Citizen science projects, also known as Public Participation in Scientific Research (PPSR), have been gaining popularity worldwide as a way for the public to engage in scientific research. Educational goals and personal development have been identified as key outcomes of these programs. However, how the degree of participation in the scientific process translates into individual outcomes is not clear. Moreover, there are not many clues as to whether successful examples of co-creating PPSR programs at the local level are feasible on a large spatial scale and entirely online.
To address these gaps, researchers from Cornell University, in the US, analyzed the results of the Bird Cams Lab’s investigations called “Battling Birds: Panama”. This citizen science project engaged thousands of people in observing bird behavior through a virtual platform with online cam watchers. The study aimed to examine how providing opportunities to engage in multiple stages of the scientific process relates to individual learning and in which ways the degree of participation is associated with such outcomes.
From December 2020 to June 2021, approximately 2,014 participants participated in optional activities spanning the entire scientific process, including question design, data collection, and data exploration. The scientific team surveyed them before and after their engagement in the research.
Science inquiry skills learning
Researchers found that the degree of participation was significantly linked to the participants’ science inquiry skills improvement. Those who engaged in diverse phases of the investigation showed the greatest advance. Other significant predictors included age, education level, and participation in other Bird Cams Lab investigations. Remarkably, gender and science training was not important as improvement predictors.

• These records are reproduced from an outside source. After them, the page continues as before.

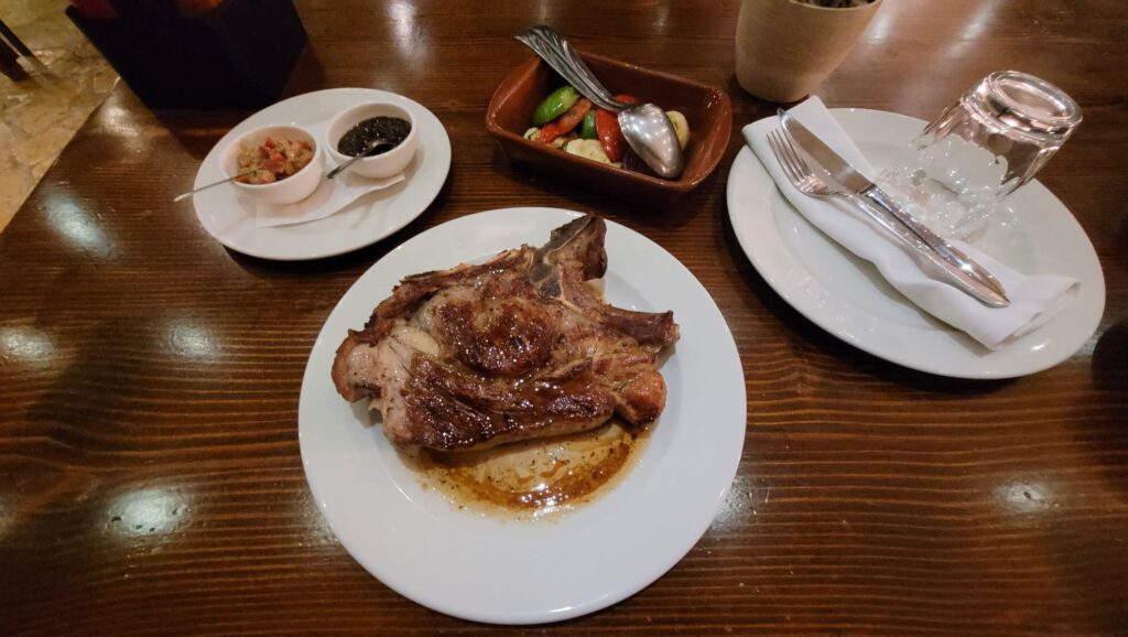 Eine Portion Kalbskottlett. Oh man, ich hatte gedacht, es wär kleiner. Aber superlecker war es trotzdem und perfekt mit Grillgemüse dazu. Habs nicht ganz geschafft. Aber den Rückweg ohne Navi im Dunkeln…
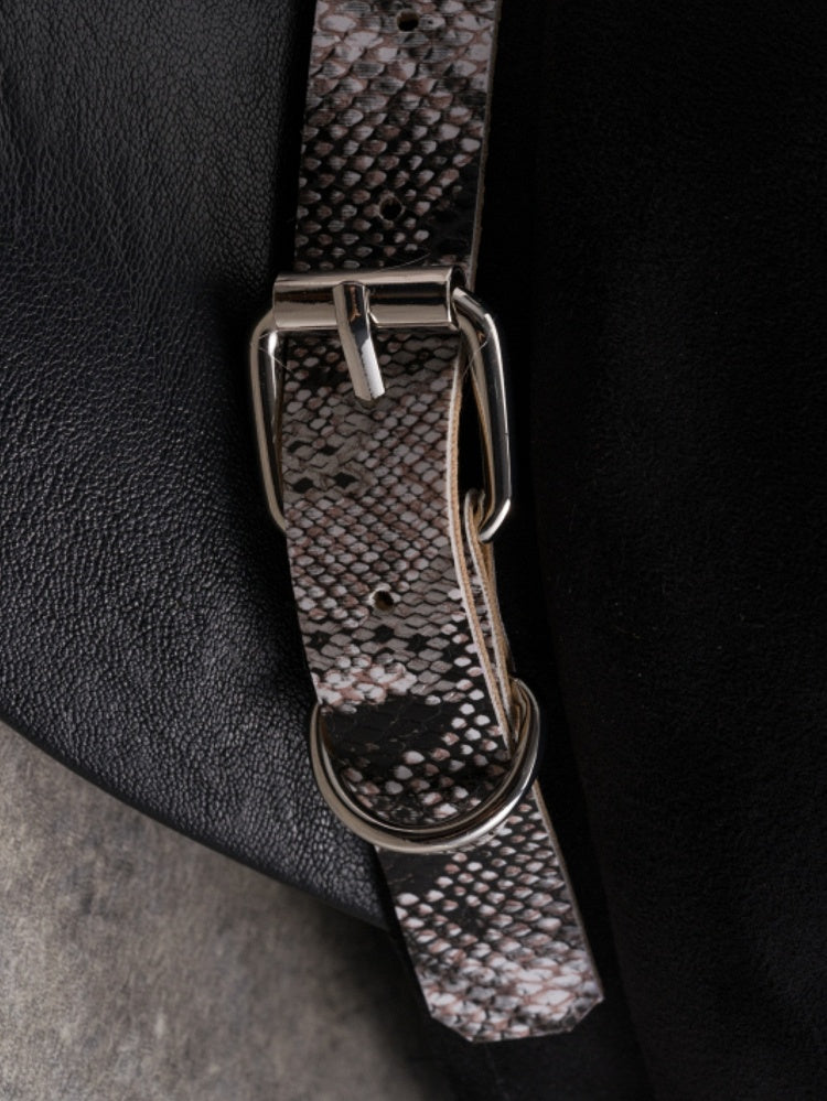 Black Gothic Snakeskin Pattern Buckle Design Beret Hat
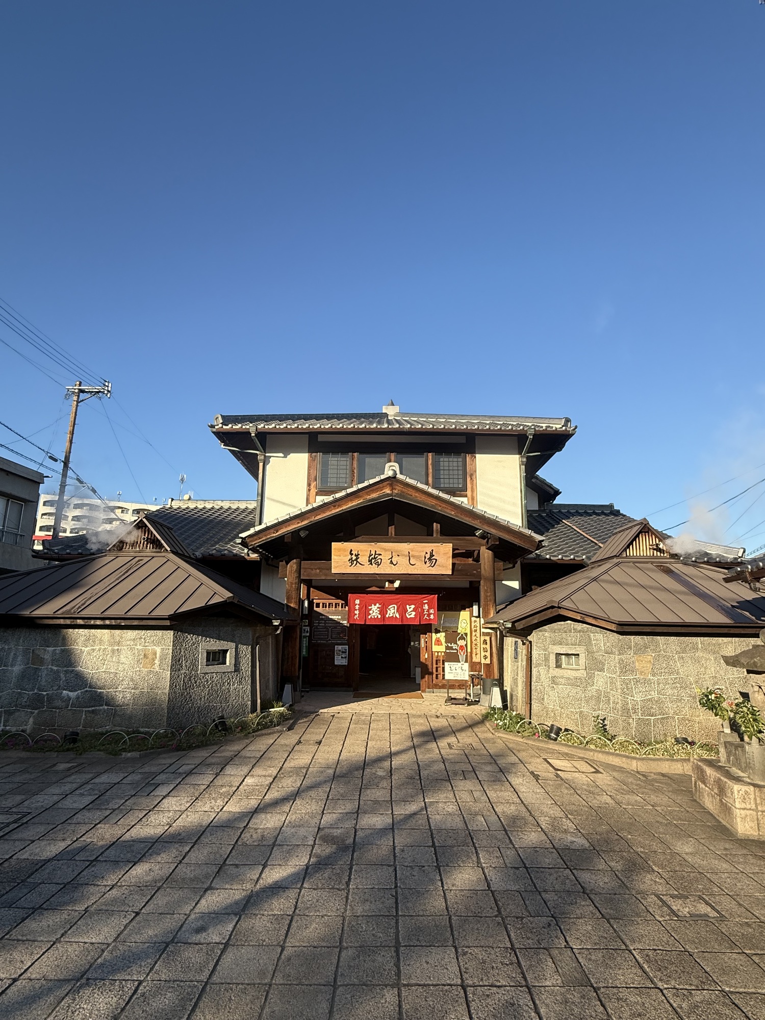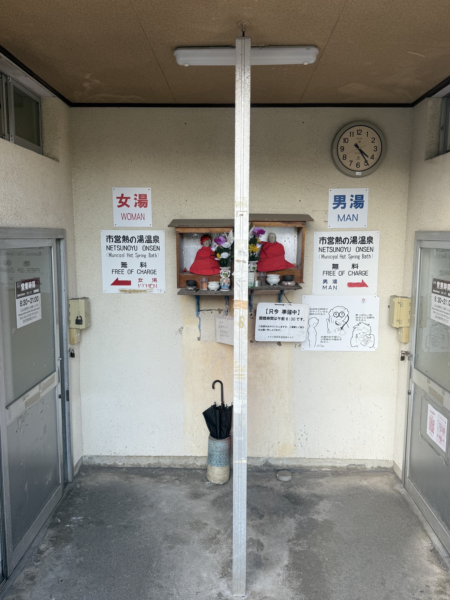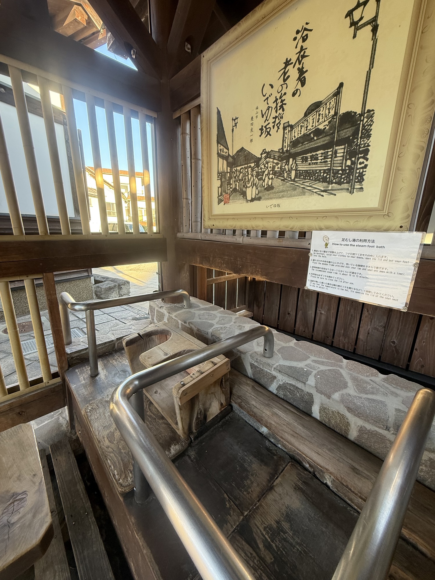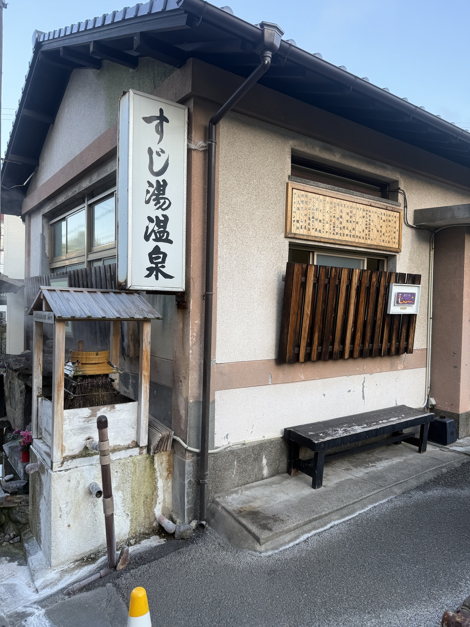 This is our final stop of the day. We are planning to visit this Onsen which is a steam bath. The two small sections at the front are separate areas for men and women. Only 3 people can fit in the area at a time and you are restricted to 10 minutes max.
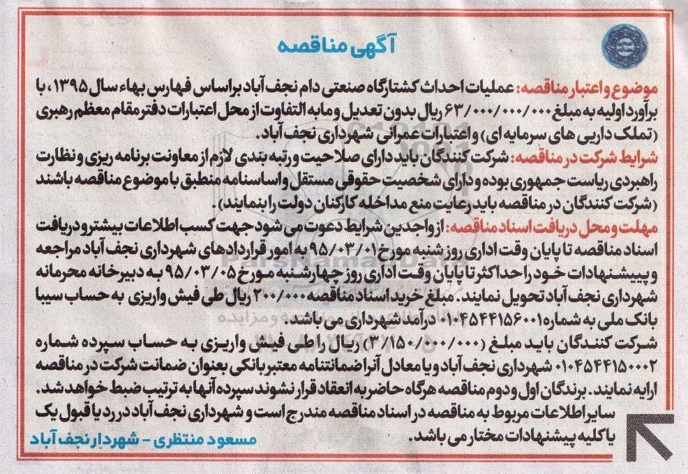 موضوع و اعتبار مناقصه: عملیات احداث کشتارگاه صنعتی دام نجف آباد بر اساس فهارس بهاء سال 1395 با برآورد اولیه به مبلغ 63.000.000.000 ریال بدون تعدیل و ما به التفاوت از محل اعتبارات دفتر مقام معظم رهبری تملک دارایی های سرمایه ای و اعتبارات عمرانی شهرداری نجف آباد
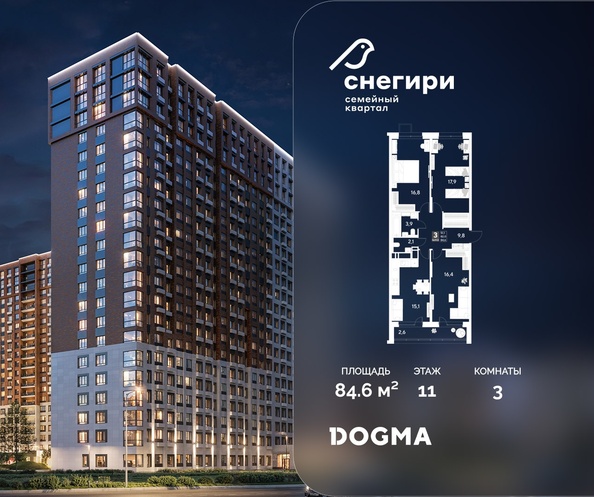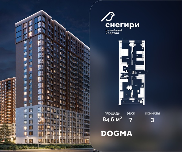 В продаже 3-комнатная квартира от застройщика! ЖК «Снегири» г. Омск, Литер 1
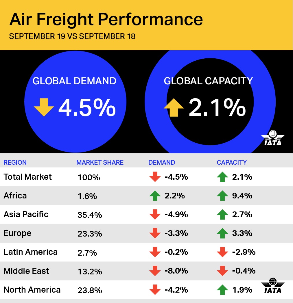 As companhias latino-americanas sofreram uma queda na demanda de frete aéreo em setembro de 2019 em 0,2% em relação ao mesmo período do ano passado e uma queda na capacidade de 2,9%. Apesar das indicações de recuperação da economia brasileira, a deterioração das condições em outros locais da região, juntamente com a desaceleração do comércio global, impactaram o desempenho da região.
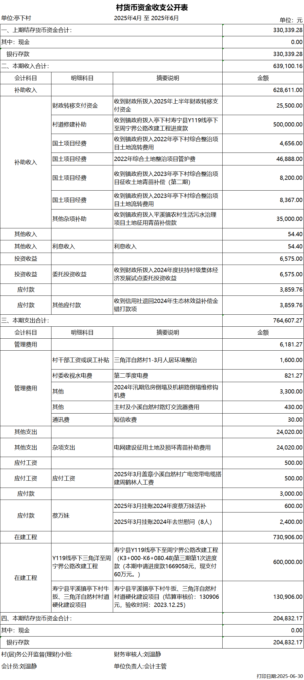 亭下村2025年4月-6月村货币资金收支公开
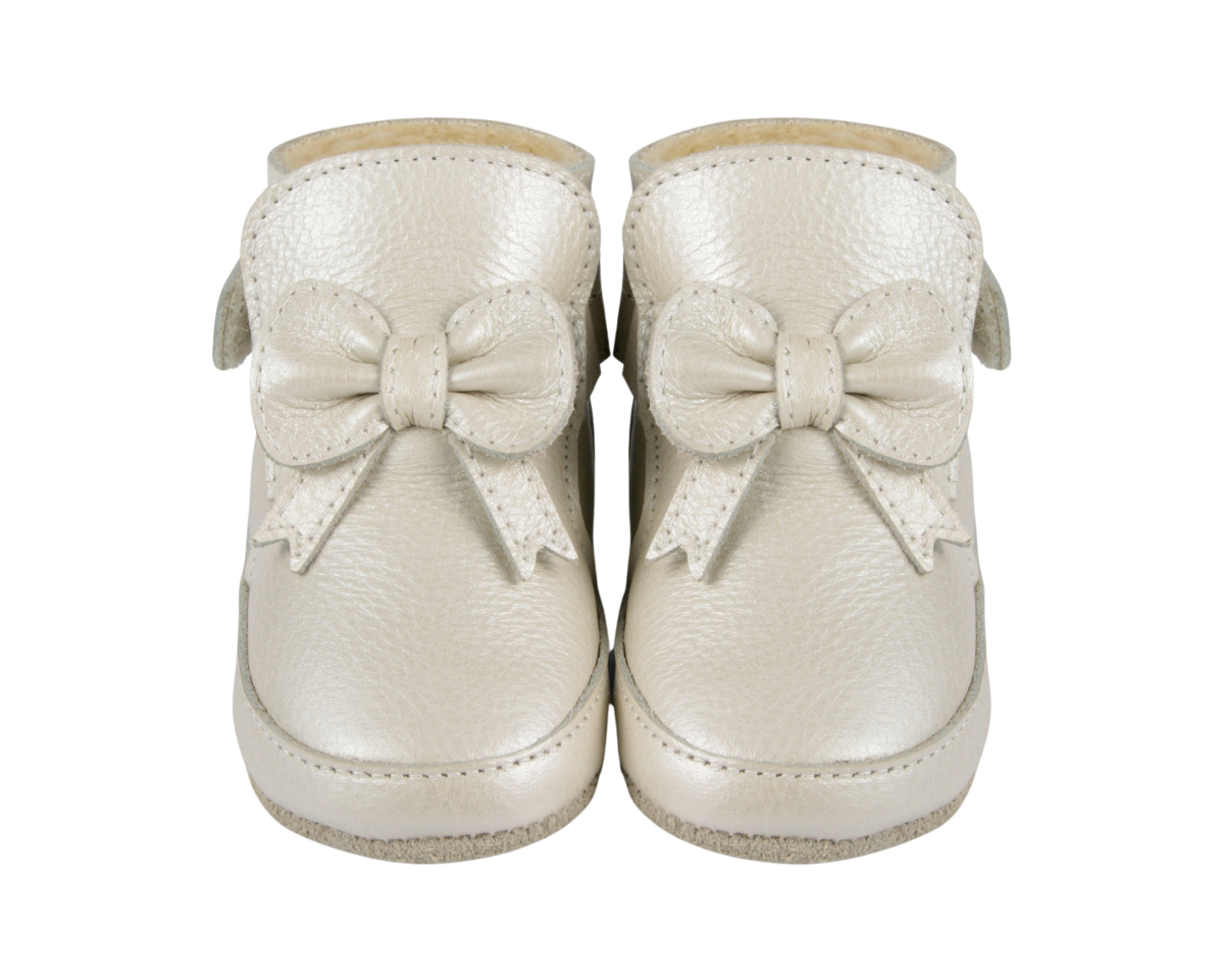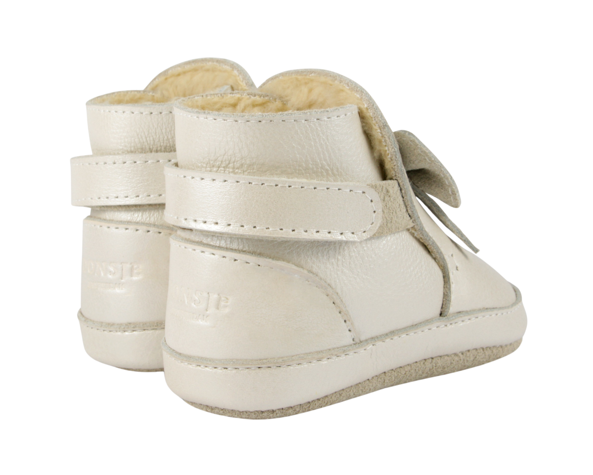 Gevoerd leren baby schoentje van Donsje in prachtig off white metallic met strik detail. Het warme schoentje heeft een handige klittenband sluiting. Ook leuk als (kraam) cadeau!
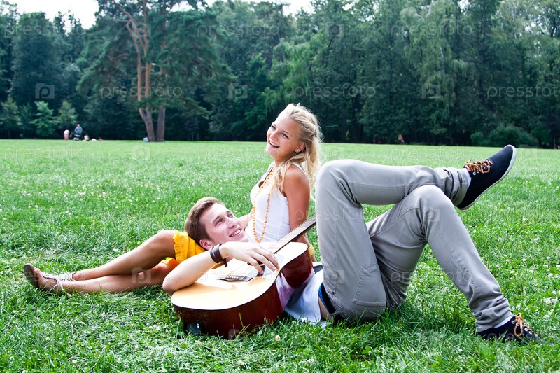 Молодой мужчина играет на гитаре в парке красивой женщине
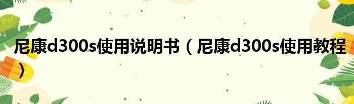 大家好,今天小六子来为大家解答以下的问题,关于尼康d300s使用说明书,尼康d300s使用教程这个很多人还不知道,现在让我们一起来看看吧!
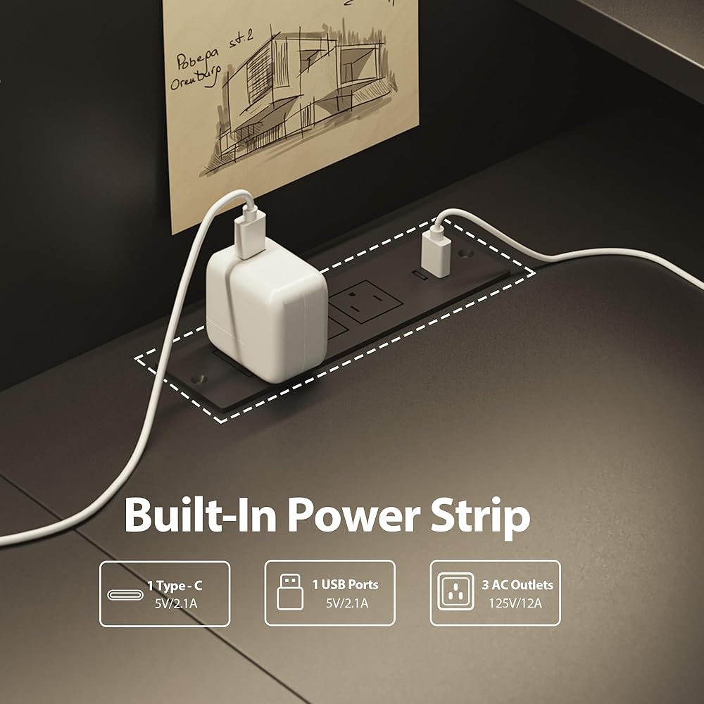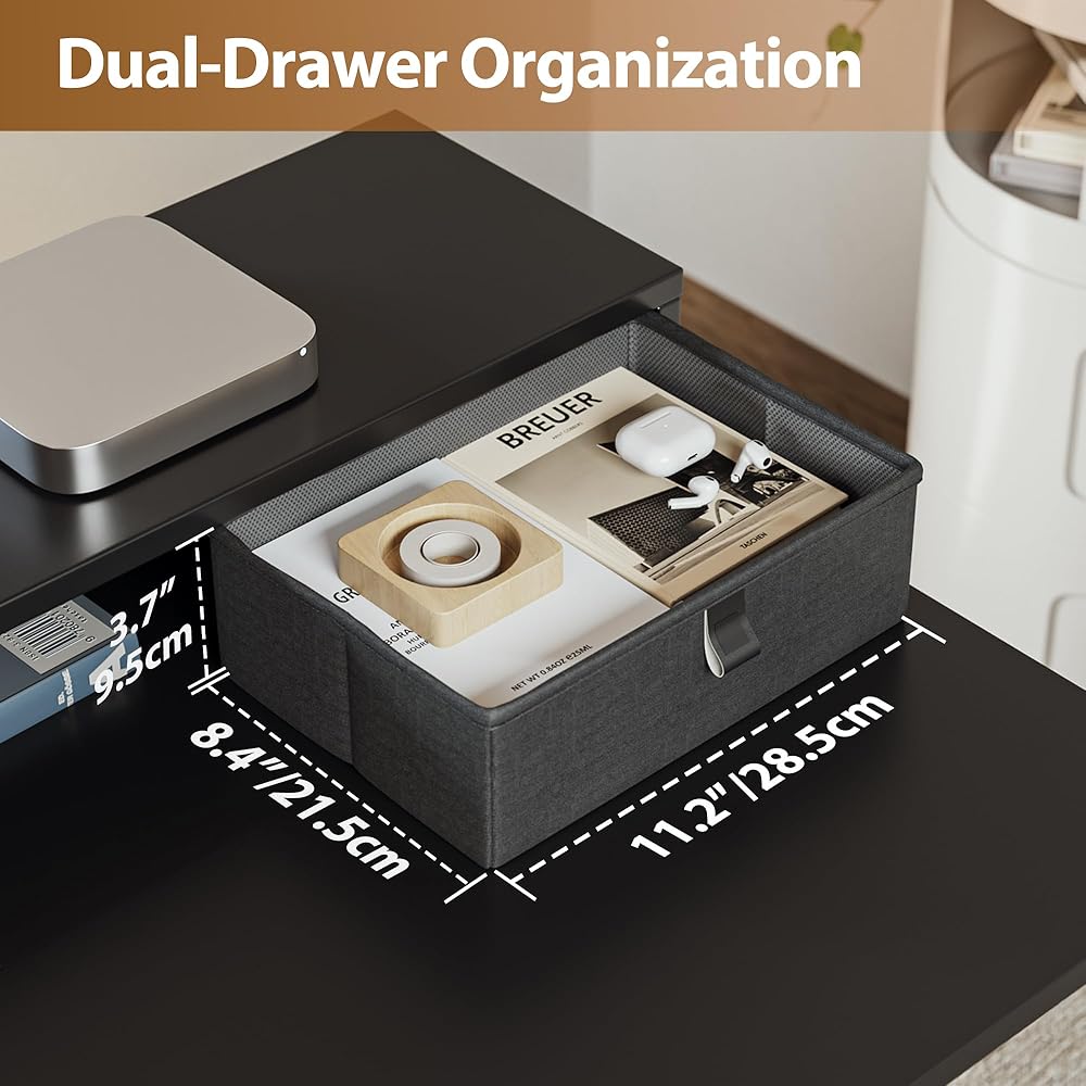 - 【مرتبة وعملية】تتضمن درجًا من القماش، وحلقتين للكابل، وخطافات مزدوجة. سطح المكتب منخفض المركبات العضوية المتطايرة يلبي معايير سلامة الهواء الداخلي.

The findings also align with experiential learning theory, which suggests that knowledge is created through the transformation of experience. Taking part in scientific programs boosts self-efficacy, content knowledge, and self-perceived development of science inquiry skills. Participants who contributed to data visualization and shaping the investigation had the highest self-perceived learning outcomes.
The study published in the journal “Citizen Science: Theory and Practice” concluded that engagement in data collection was associated with greater gains in participants’ self-efficacy and content knowledge compared to other phases. This suggests that programs with limited funding and resources should focus on data collection to get the most impactful way to improve participant-level outcomes.